David Schnarch: Weil es nicht richtig ist. Es ist vollkommen normal, dass normale, gesunde Paare in ihrer Beziehung ab einem bestimmten Punkt sexuelle Probleme bekommen.

BRIGITTE: Und dann?

David Schnarch: Nicht an der Beziehung arbeiten, sondern an sich selbst.

BRIGITTE: Da werden viele Paare sich bedanken.

David Schnarch: Richtig, das sehen die meisten Leute nicht ein. Sie haben ja kein Problem mit sich selbst, denken sie, sondern mit ihrem Partner. Das Letzte, was Leute wollen, ist, mit sich selbst konfrontiert zu werden.

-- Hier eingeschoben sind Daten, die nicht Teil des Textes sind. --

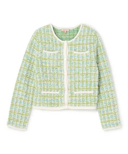 クラシカルな上品さと、ニットならではの柔らかな着心地を兼ね備えたツイードニットジャケット。かっちりとした印象を持つツイード素材でありながら、ニット仕立てにすることで身体にやさしく馴染み、堅苦しさを感じさせないリラックス感のある1着に仕上げました。オフィスシーンではきちんと感を演出しつつも、肩肘張らないエレガントな印象に。普段のデイリースタイルにもさっと羽織るだけで、装いに華やぎと品格を添えてくれます。さまざまな種類の糸を織り交ぜて丁寧に編み上げた表情豊かな編地は、立体感と奥行きのある仕上がりで、襟元や前立て、ポケット部分には締め色のストレート糸をあしらうことで、全体の印象を引き締めより洗練された雰囲気を演出しています。
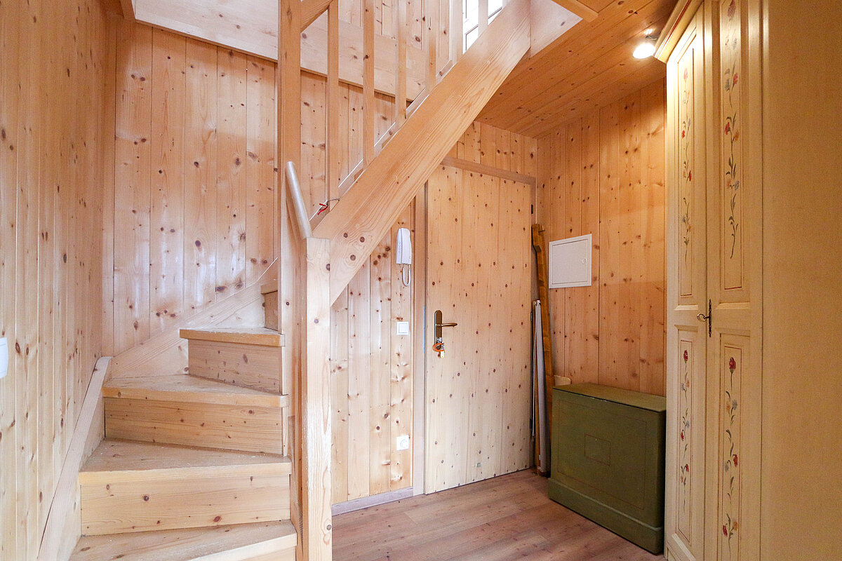 L’appartamento colpisce per il suo stile tirolese tradizionale, caratterizzato da pregiati elementi in legno che creano un’atmosfera calda e accogliente. La stufa a legna diffonde un piacevole tepore nelle giornate più fredde e sottolinea il carattere alpino di questa proprietà unica. Dal balcone soleggiato si gode una vista panoramica mozzafiato sulle montagne circostanti.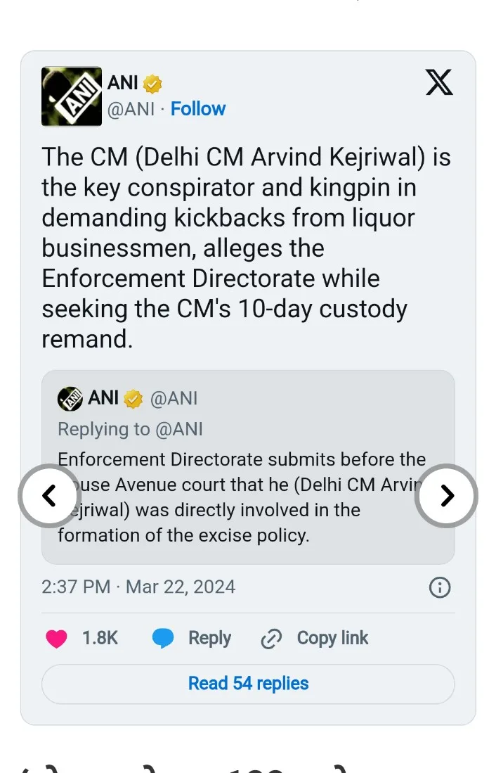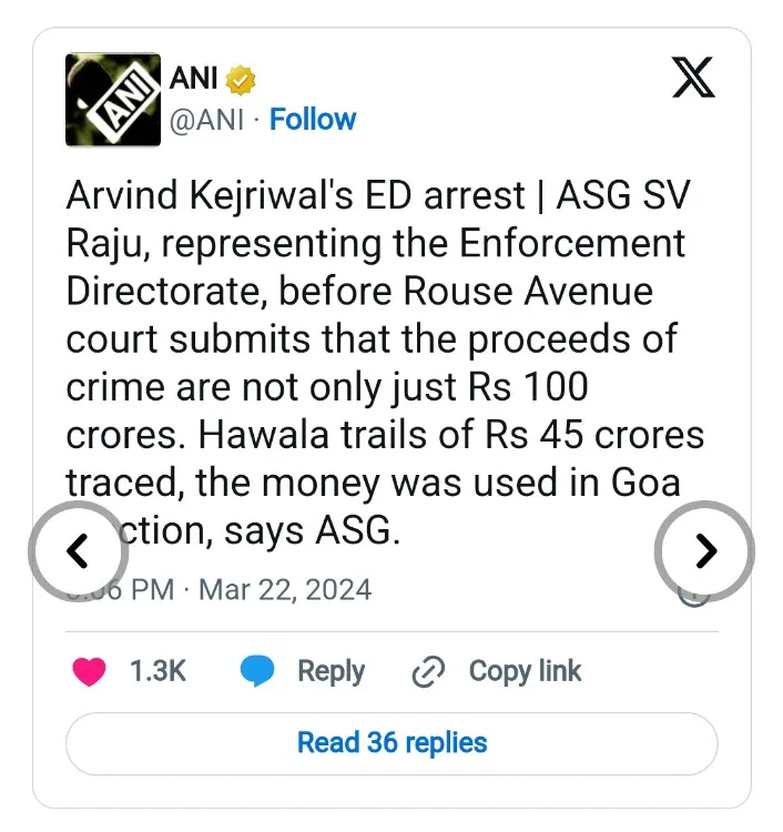During the court proceedings, ASG SV Raju representing the Enforcement Directorate stated that the scam involves much more than the reported 100 crores. He revealed that an illegal transaction of 45 crores was traced, which was allegedly used during the Goa elections. Raju also mentioned allegations of bribery against Kejriwal.

BRIGITTE: Warum ist das so wichtig?

David Schnarch: Eine starke und eigenständige Persönlichkeit entsteht eben nicht dadurch, was andere von uns denken, sondern durch uns selbst, indem ich mich immer wieder mit mir selbst konfrontiere: Ist es richtig, was ich tue, oder ist es falsch? Ist es richtig, was ich denke, oder ist es falsch? Wer bin ich, und wie will ich leben? Das macht uns zu einer starken Persönlichkeit, erst dann können wir wirklich lieben, erst dann können wir guten Sex haben, erst dann sind wir wirklich zur Intimität fähig.

BRIGITTE: Was bedeutet das für Sex-Probleme, wenn zum Beispiel der Mann mehr Sex will als seine Partnerin?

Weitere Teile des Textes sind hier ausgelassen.